Work instructions
Only the lines from the one containing "to Jade beads." through the last line of the data below belong in your answer, copied exactly and without pictures.

Recorded information
▬▬▬▬▬▬

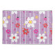 Bright, bold floral pillow case with smiling, dancing lady bugs on a pink and purple stripe background.
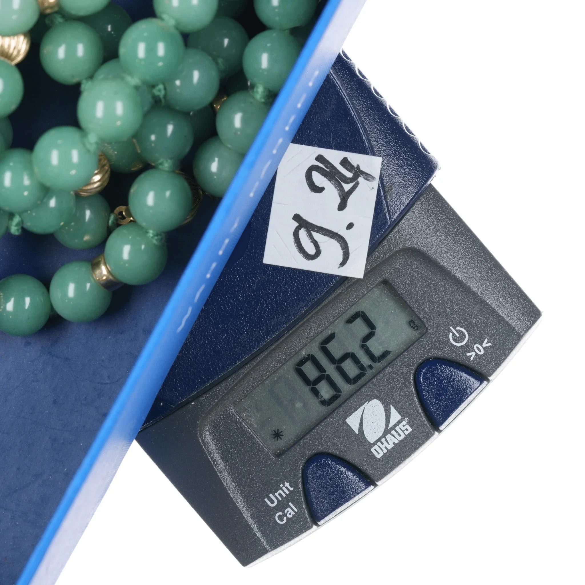 28" Vintage 14k/jade beaded necklace. 11mm beads. All the beads are solid 14k gold, clasp marked, beads tested. A few tiny dents on gold beads, no damage to Jade beads.
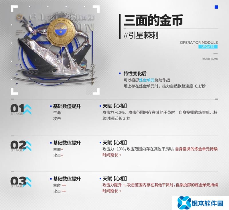 天赋【心相】 攻击力+10%,攻击范围内存在其他干员时,自身投掷的炼金单元持续时间延长3秒

▬▬▬▬▬▬

Task output
 28" Vintage 14k/jade beaded necklace. 11mm beads. All the beads are solid 14k gold, clasp marked, beads tested. A few tiny dents on gold beads, no damage to Jade beads.
 天赋【心相】 攻击力+10%,攻击范围内存在其他干员时,自身投掷的炼金单元持续时间延长3秒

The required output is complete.